NOTE: GPU acceleration with JAX is only fully supported via CUDA. The support of JAX for Apple GPUs is only experimental and does not have all functionalities needed to run our code. To reproduce the results form [1] in reasonable time, running our code with GPU acceleration is necessary. More details can be found in the JAX installation guide.
Documentation of the core Python functions of the code are provided in the code documentation (generated with Sphinx).

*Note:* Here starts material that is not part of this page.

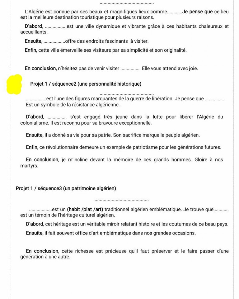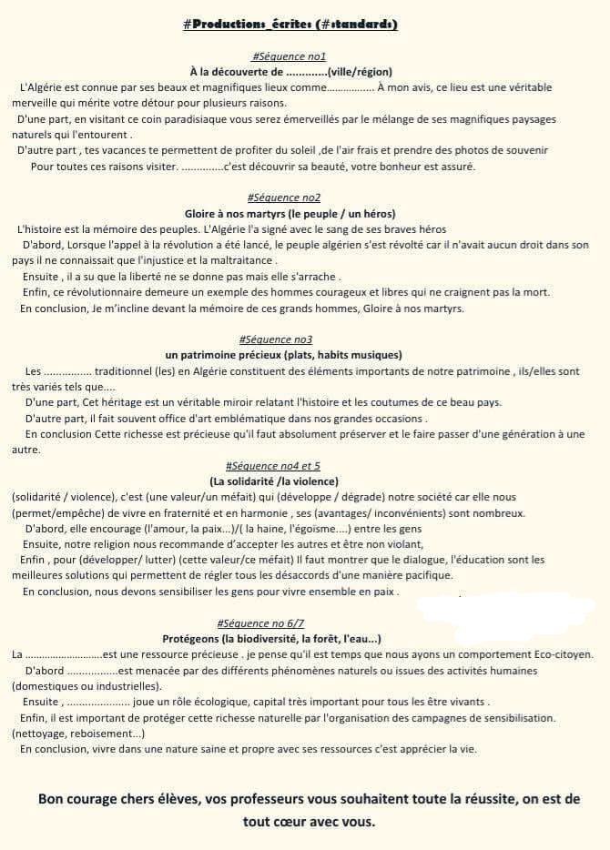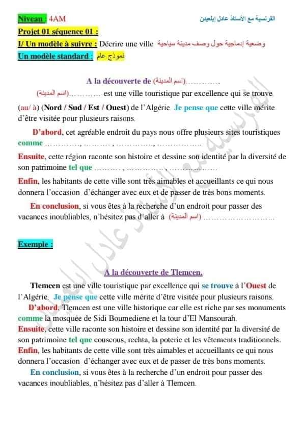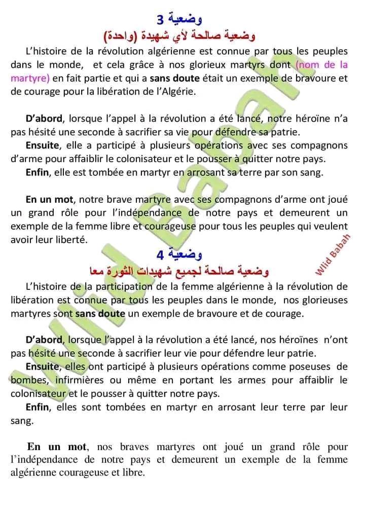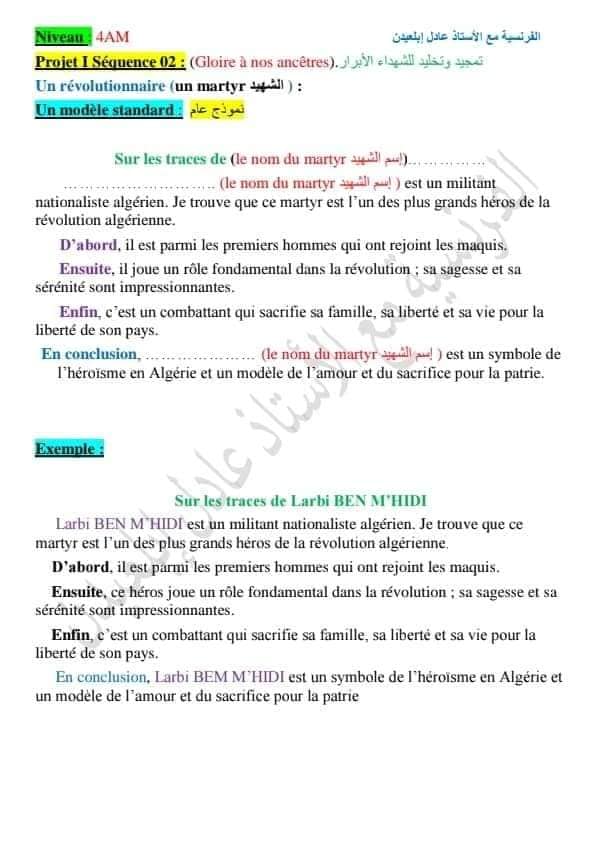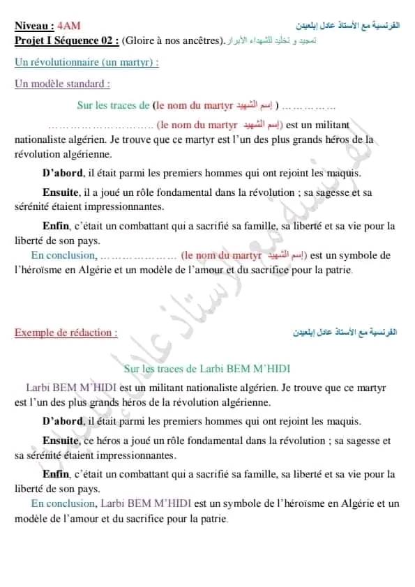 تعابير للحفظ standard على الشهيد والمدن بالفرنسية لتلاميذ السنة الرابعة وصف مدينة / شهيد من شهداء الثورة
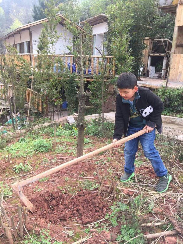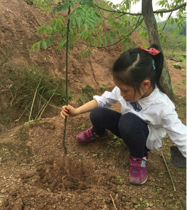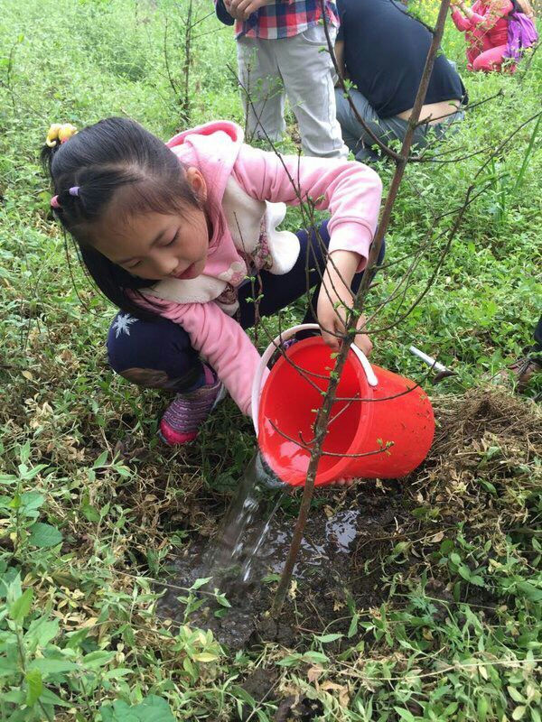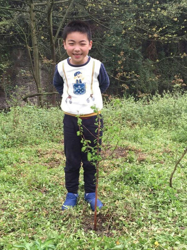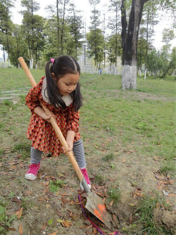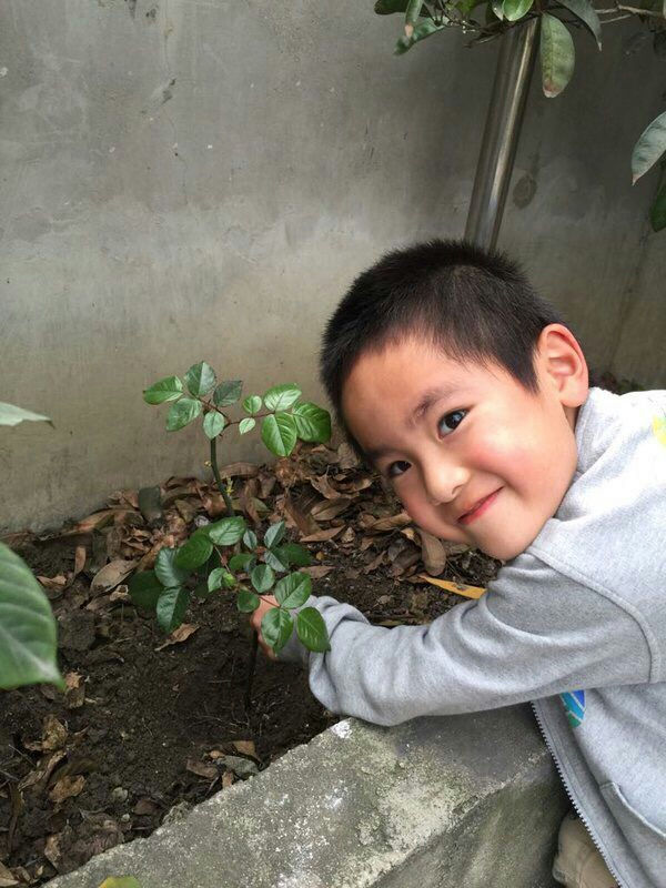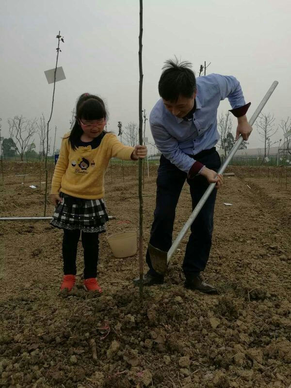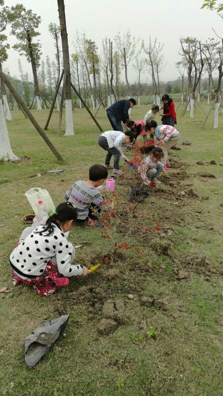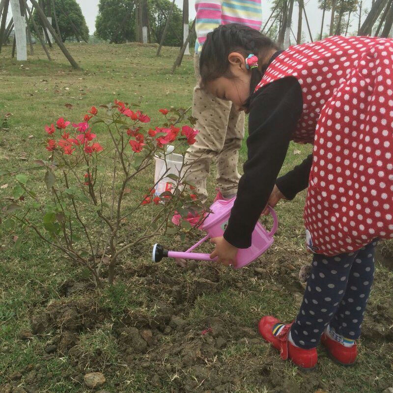 沐浴着拂面而来的春风,呼吸着青青小草和新鲜泥土的气息,小泡泡们精神饱满地投入到植树的实践活动中。在泡爸泡妈的协作配合下,孩子们一会儿用稚嫩的小手握住铁铲挖坑松土,一会儿用轻快的小腿跑前跑后运苗提水,忙得不亦乐乎。当把小树苗放进坑里的时候,他们总是小心翼翼的,一边仔细填土、浇水,一边口中念念有词:“小树,小树,快快长大,明年春天我还会来看你!”在他们的辛勤劳作下,一株株红豆杉、黄角兰、栀子花、三角梅等品种各异的小苗便盎然挺立在春泥中,迎风摆动!

While we refer to the paper [1] for details, we briefly explain what our code computes. In a nutshell, given
- a discrete-time stochastic dynamical system, and
- a reach-avoid specification, i.e., a tuple
$(X_T, X_U, \rho)$ of a set of target states$X_T$ , a set of unsafe states$X_U$ , and a probability bound$\rho \in (0,1)$ ,
the code tries to learn a (neural network) policy that, when deployed on this system, satisfies the reach-avoid specification. This is done by learning a formal certificate, called a logarithmic reach-avoid supermartingale (logRASM), which is represented as a neural network. Finding a logRASM is a sufficient proof for the satisfaction of the specification. Our code implements an iterative learner-verifier framework that tries to find a RASM for the given inputs. If a valid RASM is found, our code terminates and returns the RASM as proof that the specification is satisfied.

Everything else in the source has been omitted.